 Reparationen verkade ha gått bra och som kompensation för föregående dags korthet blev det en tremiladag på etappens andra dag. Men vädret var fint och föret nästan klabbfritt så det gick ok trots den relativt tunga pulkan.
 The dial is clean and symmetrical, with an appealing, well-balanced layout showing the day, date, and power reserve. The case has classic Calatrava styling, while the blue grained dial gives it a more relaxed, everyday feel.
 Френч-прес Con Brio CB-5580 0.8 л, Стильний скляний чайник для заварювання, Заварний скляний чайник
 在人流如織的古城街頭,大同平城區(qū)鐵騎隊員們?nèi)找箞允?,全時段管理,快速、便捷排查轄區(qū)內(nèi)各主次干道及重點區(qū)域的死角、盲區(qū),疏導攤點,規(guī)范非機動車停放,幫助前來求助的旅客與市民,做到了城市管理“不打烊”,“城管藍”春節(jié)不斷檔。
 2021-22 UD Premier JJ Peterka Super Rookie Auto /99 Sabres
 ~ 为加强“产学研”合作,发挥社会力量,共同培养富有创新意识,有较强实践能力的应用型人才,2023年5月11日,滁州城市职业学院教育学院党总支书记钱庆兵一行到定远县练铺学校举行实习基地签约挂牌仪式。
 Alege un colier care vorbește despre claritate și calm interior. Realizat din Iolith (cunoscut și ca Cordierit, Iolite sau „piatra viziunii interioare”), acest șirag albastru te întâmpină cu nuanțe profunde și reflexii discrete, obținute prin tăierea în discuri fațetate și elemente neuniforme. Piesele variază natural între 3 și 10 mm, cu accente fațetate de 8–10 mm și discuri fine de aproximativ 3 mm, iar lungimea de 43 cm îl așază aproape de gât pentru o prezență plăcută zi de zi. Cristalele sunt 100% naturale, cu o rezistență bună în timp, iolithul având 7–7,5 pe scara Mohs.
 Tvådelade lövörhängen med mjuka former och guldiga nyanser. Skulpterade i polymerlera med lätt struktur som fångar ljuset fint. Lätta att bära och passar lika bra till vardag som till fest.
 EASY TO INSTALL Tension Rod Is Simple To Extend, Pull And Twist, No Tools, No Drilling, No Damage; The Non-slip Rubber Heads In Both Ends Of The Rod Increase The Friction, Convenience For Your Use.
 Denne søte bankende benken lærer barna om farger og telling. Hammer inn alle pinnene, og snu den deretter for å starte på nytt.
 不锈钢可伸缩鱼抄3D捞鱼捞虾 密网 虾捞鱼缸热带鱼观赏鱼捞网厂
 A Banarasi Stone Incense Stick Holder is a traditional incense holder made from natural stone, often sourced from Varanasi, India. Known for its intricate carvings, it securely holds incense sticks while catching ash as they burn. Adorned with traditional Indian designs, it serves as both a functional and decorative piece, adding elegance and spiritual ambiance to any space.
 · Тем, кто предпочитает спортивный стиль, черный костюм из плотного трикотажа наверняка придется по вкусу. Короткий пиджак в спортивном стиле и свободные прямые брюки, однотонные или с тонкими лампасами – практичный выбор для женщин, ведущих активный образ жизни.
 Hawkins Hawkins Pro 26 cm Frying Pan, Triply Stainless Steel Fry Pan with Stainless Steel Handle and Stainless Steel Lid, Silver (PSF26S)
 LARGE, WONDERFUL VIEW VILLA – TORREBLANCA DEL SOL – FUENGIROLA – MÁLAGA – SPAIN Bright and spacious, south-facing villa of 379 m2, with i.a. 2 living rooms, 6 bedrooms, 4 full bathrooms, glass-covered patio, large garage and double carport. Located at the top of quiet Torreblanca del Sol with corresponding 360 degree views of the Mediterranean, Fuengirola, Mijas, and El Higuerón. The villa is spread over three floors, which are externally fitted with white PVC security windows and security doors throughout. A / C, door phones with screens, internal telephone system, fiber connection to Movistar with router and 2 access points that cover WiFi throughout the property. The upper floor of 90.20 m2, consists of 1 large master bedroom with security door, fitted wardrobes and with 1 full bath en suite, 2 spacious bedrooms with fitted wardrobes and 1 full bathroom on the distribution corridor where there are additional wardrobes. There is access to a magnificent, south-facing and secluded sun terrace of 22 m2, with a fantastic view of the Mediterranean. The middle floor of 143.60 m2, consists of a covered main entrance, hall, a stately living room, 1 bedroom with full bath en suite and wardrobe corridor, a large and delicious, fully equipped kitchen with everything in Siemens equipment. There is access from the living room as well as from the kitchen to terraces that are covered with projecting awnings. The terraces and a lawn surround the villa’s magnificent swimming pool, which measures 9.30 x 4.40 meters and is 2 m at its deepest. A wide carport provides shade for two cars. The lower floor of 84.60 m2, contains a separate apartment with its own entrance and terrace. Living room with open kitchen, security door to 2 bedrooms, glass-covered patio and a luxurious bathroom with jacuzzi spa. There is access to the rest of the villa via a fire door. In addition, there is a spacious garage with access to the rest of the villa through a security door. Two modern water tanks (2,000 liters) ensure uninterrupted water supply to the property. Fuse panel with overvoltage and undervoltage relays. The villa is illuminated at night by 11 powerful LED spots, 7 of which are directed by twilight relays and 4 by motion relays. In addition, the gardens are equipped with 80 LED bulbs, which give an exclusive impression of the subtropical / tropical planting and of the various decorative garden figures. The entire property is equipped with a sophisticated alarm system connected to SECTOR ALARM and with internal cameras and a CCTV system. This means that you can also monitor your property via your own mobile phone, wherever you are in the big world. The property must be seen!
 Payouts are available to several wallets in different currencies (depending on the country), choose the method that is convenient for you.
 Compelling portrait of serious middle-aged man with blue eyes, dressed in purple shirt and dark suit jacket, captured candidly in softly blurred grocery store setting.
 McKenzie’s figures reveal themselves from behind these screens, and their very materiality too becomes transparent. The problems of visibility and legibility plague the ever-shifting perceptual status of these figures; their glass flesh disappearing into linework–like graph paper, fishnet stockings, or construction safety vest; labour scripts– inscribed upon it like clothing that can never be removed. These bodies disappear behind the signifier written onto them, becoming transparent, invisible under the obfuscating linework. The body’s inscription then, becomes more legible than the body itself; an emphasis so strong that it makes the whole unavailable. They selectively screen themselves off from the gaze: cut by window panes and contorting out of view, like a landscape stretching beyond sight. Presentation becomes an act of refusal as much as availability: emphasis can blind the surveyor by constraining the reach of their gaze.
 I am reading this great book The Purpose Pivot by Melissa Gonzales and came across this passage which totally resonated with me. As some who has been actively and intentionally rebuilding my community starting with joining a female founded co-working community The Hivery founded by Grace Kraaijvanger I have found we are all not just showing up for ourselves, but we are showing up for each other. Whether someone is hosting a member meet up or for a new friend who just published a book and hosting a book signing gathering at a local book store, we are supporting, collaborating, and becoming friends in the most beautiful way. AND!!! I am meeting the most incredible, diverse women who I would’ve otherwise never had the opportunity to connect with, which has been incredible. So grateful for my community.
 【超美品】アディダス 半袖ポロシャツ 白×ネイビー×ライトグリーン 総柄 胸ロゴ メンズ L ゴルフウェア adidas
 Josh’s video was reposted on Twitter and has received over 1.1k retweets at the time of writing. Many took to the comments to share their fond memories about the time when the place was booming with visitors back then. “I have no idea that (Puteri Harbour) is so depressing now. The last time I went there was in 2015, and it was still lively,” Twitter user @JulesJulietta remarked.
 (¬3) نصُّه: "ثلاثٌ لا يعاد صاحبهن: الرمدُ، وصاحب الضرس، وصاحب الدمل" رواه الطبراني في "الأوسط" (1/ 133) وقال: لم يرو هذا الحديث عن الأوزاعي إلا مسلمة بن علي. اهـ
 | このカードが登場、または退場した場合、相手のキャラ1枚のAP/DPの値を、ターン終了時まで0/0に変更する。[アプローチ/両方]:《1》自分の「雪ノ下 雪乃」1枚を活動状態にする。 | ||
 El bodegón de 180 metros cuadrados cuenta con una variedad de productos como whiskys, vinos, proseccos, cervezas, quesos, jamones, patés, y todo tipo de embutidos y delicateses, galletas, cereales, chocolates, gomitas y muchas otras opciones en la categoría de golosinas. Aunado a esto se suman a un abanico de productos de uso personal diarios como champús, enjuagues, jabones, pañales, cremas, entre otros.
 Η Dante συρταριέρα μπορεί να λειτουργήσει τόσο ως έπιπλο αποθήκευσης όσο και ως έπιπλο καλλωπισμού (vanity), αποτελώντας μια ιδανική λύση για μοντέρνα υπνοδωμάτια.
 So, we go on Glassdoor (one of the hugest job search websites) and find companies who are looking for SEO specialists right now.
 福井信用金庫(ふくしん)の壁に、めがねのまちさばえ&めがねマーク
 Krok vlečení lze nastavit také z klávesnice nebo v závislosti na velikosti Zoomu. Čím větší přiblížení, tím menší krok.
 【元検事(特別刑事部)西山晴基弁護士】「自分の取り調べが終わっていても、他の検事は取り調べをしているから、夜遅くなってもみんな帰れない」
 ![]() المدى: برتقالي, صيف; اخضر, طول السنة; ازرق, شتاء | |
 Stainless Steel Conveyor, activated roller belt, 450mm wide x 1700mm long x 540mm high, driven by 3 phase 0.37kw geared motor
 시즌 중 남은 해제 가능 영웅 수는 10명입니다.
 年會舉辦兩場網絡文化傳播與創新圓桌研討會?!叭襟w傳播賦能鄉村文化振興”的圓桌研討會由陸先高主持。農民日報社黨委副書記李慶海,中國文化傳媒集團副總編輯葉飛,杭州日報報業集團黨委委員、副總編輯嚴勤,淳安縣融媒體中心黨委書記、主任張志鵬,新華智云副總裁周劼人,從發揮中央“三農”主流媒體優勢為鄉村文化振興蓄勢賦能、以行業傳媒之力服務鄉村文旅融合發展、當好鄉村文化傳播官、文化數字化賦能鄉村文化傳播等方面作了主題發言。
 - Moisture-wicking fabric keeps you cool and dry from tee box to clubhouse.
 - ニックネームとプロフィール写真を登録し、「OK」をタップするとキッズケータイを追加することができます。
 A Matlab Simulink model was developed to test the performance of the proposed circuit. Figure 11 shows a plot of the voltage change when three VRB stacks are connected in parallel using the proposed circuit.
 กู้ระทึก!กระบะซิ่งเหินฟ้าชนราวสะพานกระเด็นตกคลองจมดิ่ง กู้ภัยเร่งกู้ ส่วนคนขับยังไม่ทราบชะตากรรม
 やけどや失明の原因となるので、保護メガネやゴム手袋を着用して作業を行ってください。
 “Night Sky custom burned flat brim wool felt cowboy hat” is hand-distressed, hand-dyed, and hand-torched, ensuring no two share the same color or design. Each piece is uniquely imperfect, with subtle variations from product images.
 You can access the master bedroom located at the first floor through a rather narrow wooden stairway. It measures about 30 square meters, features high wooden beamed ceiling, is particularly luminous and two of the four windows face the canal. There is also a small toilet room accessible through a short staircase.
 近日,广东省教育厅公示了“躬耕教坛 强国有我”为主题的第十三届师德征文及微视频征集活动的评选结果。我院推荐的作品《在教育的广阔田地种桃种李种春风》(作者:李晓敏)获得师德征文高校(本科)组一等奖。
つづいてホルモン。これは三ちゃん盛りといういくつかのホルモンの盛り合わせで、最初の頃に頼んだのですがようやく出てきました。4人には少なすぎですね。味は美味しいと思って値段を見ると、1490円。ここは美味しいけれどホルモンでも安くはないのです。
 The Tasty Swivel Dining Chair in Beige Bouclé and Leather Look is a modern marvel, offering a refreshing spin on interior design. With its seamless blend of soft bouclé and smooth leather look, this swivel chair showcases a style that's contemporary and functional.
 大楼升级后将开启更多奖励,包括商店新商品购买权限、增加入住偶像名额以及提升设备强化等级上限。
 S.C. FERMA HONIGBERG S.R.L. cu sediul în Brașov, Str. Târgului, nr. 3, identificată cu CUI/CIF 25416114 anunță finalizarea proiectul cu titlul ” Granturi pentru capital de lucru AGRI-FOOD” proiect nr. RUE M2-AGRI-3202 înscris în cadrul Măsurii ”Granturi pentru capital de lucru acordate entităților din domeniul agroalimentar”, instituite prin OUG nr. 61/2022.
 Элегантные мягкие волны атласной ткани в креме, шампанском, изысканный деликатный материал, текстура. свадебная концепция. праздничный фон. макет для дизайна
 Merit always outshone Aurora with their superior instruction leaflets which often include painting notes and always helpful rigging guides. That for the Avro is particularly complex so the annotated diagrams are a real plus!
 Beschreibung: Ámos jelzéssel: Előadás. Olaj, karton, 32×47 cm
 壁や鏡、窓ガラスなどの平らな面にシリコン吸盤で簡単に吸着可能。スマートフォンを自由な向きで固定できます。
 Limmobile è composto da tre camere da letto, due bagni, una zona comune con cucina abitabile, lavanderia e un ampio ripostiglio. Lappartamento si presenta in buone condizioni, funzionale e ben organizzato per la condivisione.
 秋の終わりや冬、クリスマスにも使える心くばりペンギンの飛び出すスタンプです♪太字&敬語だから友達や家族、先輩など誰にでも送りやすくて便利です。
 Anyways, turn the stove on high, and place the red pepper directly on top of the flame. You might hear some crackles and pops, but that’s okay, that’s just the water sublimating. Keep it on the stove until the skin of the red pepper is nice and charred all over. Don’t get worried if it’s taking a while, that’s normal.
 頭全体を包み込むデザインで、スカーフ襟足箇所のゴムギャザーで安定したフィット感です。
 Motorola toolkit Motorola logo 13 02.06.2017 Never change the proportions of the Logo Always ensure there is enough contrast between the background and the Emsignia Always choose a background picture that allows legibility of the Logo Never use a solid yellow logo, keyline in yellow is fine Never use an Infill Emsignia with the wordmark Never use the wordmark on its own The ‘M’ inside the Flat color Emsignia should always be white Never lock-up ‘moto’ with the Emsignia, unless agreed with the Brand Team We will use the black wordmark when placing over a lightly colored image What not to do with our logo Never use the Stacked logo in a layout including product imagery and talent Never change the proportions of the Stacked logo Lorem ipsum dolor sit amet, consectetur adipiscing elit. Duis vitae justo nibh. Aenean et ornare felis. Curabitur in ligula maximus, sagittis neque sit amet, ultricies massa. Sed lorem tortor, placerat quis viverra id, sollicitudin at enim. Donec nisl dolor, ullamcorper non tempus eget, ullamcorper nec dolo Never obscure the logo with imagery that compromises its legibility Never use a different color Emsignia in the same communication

== Assigned task ==
Copy the lines above exactly. Start with the line containing "시즌 중 남은 해제 가능 영웅 수는 10명입니다.", end with the line containing "from product images.", and include both.

== Output ==
 시즌 중 남은 해제 가능 영웅 수는 10명입니다.
 年會舉辦兩場網絡文化傳播與創新圓桌研討會?!叭襟w傳播賦能鄉村文化振興”的圓桌研討會由陸先高主持。農民日報社黨委副書記李慶海,中國文化傳媒集團副總編輯葉飛,杭州日報報業集團黨委委員、副總編輯嚴勤,淳安縣融媒體中心黨委書記、主任張志鵬,新華智云副總裁周劼人,從發揮中央“三農”主流媒體優勢為鄉村文化振興蓄勢賦能、以行業傳媒之力服務鄉村文旅融合發展、當好鄉村文化傳播官、文化數字化賦能鄉村文化傳播等方面作了主題發言。
 - Moisture-wicking fabric keeps you cool and dry from tee box to clubhouse.
 - ニックネームとプロフィール写真を登録し、「OK」をタップするとキッズケータイを追加することができます。
 A Matlab Simulink model was developed to test the performance of the proposed circuit. Figure 11 shows a plot of the voltage change when three VRB stacks are connected in parallel using the proposed circuit.
 กู้ระทึก!กระบะซิ่งเหินฟ้าชนราวสะพานกระเด็นตกคลองจมดิ่ง กู้ภัยเร่งกู้ ส่วนคนขับยังไม่ทราบชะตากรรม
 やけどや失明の原因となるので、保護メガネやゴム手袋を着用して作業を行ってください。
 “Night Sky custom burned flat brim wool felt cowboy hat” is hand-distressed, hand-dyed, and hand-torched, ensuring no two share the same color or design. Each piece is uniquely imperfect, with subtle variations from product images.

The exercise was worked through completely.